Спецкор с Колумнистом понимающе переглянулись. Заповеди апостолов были путаны, невнятны, и толковать их можно было как угодно. Этим преимущественно и занимались богословы, в бесконечных спорах доказывая, опровергая и вновь доказывая друг другу вложенный в заповеди глубинный смысл. Сходились на том, что полностью осознать сокровенное удастся лишь через множество поколений. В особенности это касалось апостолов, пораженных священным безумием. К примеру, псалмопевец Орлуша обыденной, доступной пастве речью не владел. Вязал слова в псалмах так, что иначе как нараспев их и не проговорить было. На классных часах Орлушины псалмы распевали хором, но великий смысл от певцов все равно ускользал. В еще большей мере не поддавалось осознанию наследие богомаза Бильжо. Святые лики, что Бильжо в изобилии малевал на иконах и фресках, выглядели совсем не так, как подобает праведникам.
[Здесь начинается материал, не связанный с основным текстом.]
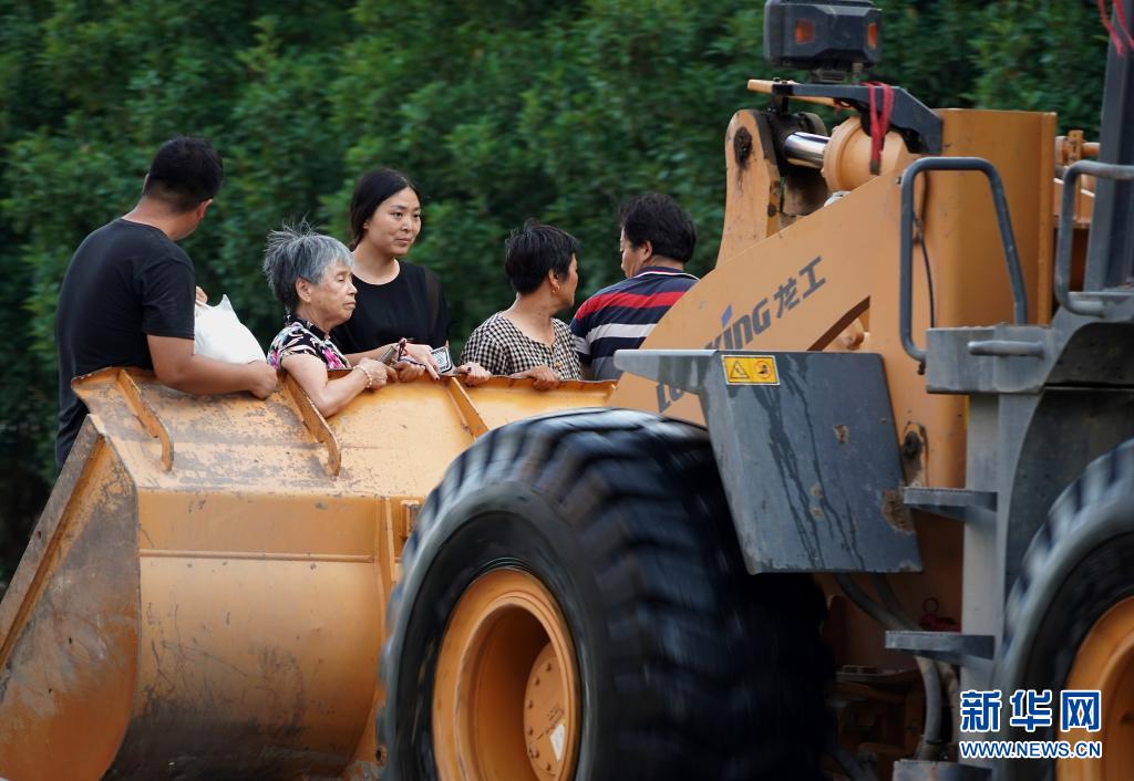 7月25日,居民乘坐李伟驾驶的铲车越过积水道路。新华社记者李安摄
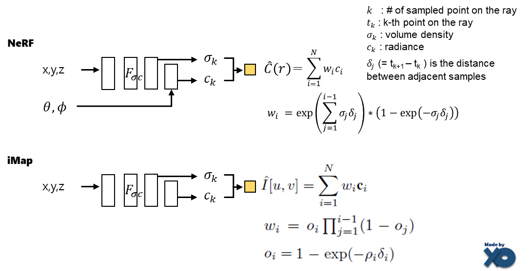 iMap은 NeRF에서 View Direction(θ,Φ) 를 입력으로 받는 것만 사라지고, 다른 부분은 동일합니다. voxel좌표(x,y,z)에 대한 color를 계산하는 공식이 달라보이지만, 자세하게 보면 같은 수식임을 알 수 있습니다. depth에 대해서 NeRF논문에서는 언급안됬지만 소스코드 (NeRF 소스코드 분석 이전 포스트 참조)에 보면 Depth를 계산하는 수식이 있습니다. color대신에 카메라 시점에서 Point가 떨어진 거리 만큼을 di로 쓰고, 이 di값을 ci값 대신 사용해서 Depth를 계산합니다.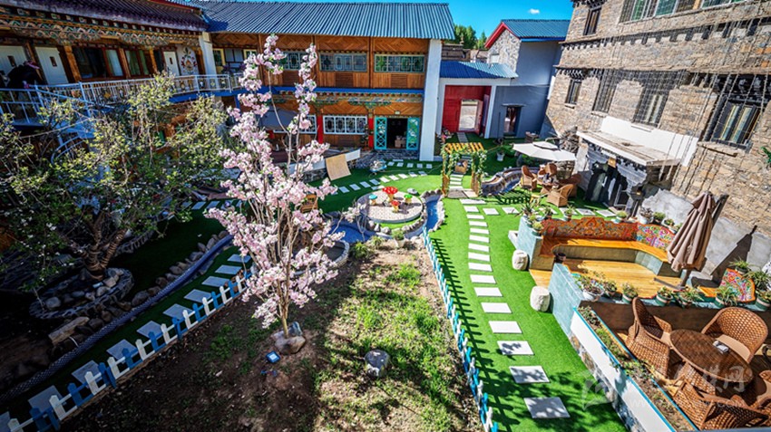 曾經(jīng)的倉(cāng)庫(kù)變成了咖啡廳,關(guān)牛的地方變成了餐廳,土司房變成了溫泉套間,四合院變成了小橋流水,雖然有些改變,但留給客人的依舊是一個(gè)傳統(tǒng)藏式四合院?!拔ㄒ桓淖兊闹皇嵌嗔诵┬氯诵率聛?lái)來(lái)往往,在這里從你的全世界路過(guò)……”石雅琴借用張嘉佳的《從你的全世界路過(guò)》的話語(yǔ),道出了她對(duì)“親愛(ài)的宅宅”的“定性”。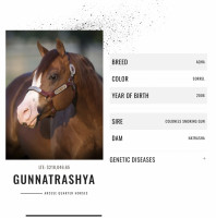 With Gunnatrashya's champion reining record and proven cutting bloodlines on bottom, this stallion has the genetics to excel in multiple disciplines! Eligible for Royal Crown Roping incentives!
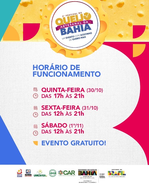 O festival contará com 40 expositores, além de espaço de vinhos, música ao vivo e uma programação técnica que celebra a cultura alimentar baiana, reforçando o vínculo entre o campo e a cidade. O festival busca aproximar consumidores dos produtores, criar novas oportunidades comerciais e destacar o queijo artesanal como um produto identitário, econômico e cultural do estado.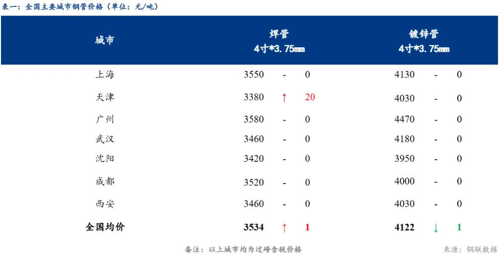 市场总结:今日全国焊管市场价格涨跌互现,窄幅调整,焊管均价上涨1元/吨,镀锌管均价下跌1元/吨,市场贸易商调价意愿较低,零星出货。贸易商库内资源定价为主,管厂灵活排产,焊管产量继续下降,原料成本支撑力度尚可,需求淡季成材价格多持稳观望,焊管市场价格表现来看呈现窄幅调整趋势。综上,预计明日全国多数市场焊管价格或持稳运行。

Были лики носаты, волосаты, небриты и кривороты, а невнятные слова изрыгали изо ртов в облаках пара.
 
— Пойдем отсюда, — решил Спецкор, когда понял, что толкования от Редактора не дождется. — Стемнеет скоро, негоже тут оставаться.
 
До заката ходко шагали на север. Молчали — каждый понимал, что неведомо откуда взявшийся мертвец не к добру. Когда солнце оседлало западный горизонт, Спецкор велел становиться на привал. Колумнист стянул с плеч рюкзак, развязал тесьму и вытащил наружу припасы.
 
— Помянуть надо, — сказал он, выудив с самого дна тыквенную флягу, под завязку наполненную хмельной водой. — Пус­кай невесть откуда, а все ж человек.
 
Хмельную воду богословы добывали, руководствуясь мудростью святой Буйвид. В отличие от свойственных большинству апостолов маловразумительных словоизлияний ее заповеди были полны ясностью, добронравием и заботой о будущих поколениях. Откровения Буйвид пользовались в кланах Убежища немыслимой популярностью, поскольку в хмельных делах святая знала толк и проповедовала исключительно пьянство.
 
Флягу опустошили, когда уже окончательно стемнело. Закусили сухарями, лепешками и вяленой говядиной, затем Редактор вознес хвалу Великому Пионеру, и Спецкор велел устраиваться на ночлег.
 
— Впереди нелегкий путь, — сказал он, завернувшись в шкуру рогатого вепря, подстреленного год назад на подступах к Гнилому озеру. — Нам понадобятся силы, выносливость и удача.
 
— Да не оставит нас Пионер, — сонным голосом пробормотал Редактор. — Вручим же ему наши души, и тогда…
 
Не закончив фразы, он захрапел, и узнать, что произойдет после вручения душ, Спецкору не удалось.
 
— Мы в такие шагали дали, что не очень-то и дойдешь, — заунывно бубнил походную утреннюю молитву Колумнист. — Мы годами в засаде ждали, невзирая на снег и дождь…
 
— Непостижимо все-таки, — закончив, сообщил он. — Ума не приложу, зачем предки годами сидели в засаде.
 
Редактор укоризненно покачал головой.
 
— Есть вещи выше человеческого разумения, — пояснил он. — Заветы апостола Макаревича надо принимать сердцем, умом его не понять.
 
Колумнист поднялся на ноги и принялся навьючивать на себя рюкзак.
 
— Только небо тебя поманит синим взмахом ее крыла, — пробурчал он. — Вот и понимай, как хочешь. Хоть сердцем, хоть чем.
 
Редактор охнул, уставился на Колумниста и растерянно заморгал.
 
Кол этого богослова проверяет, сообразил Спецкор. Покойный Корректор не обратил бы внимания на ересь. Сказал бы лишь «не для скудных умов», и дело с концом. А вот новенький… О ереси положено докладывать отцу Главреду, а характер у старика с годами сильно испортился. Месяц назад в общественном каземате Спецкор брякнул по недомыслию, что, дескать, не осознаёт величия апостола Путина. Главреду, конечно же, тотчас донесли, и он наложил епитимью. Две следующих декады Спецкор драил трубы, по которым отходы жизнедеятельности обитателей Убежища сливались в реку.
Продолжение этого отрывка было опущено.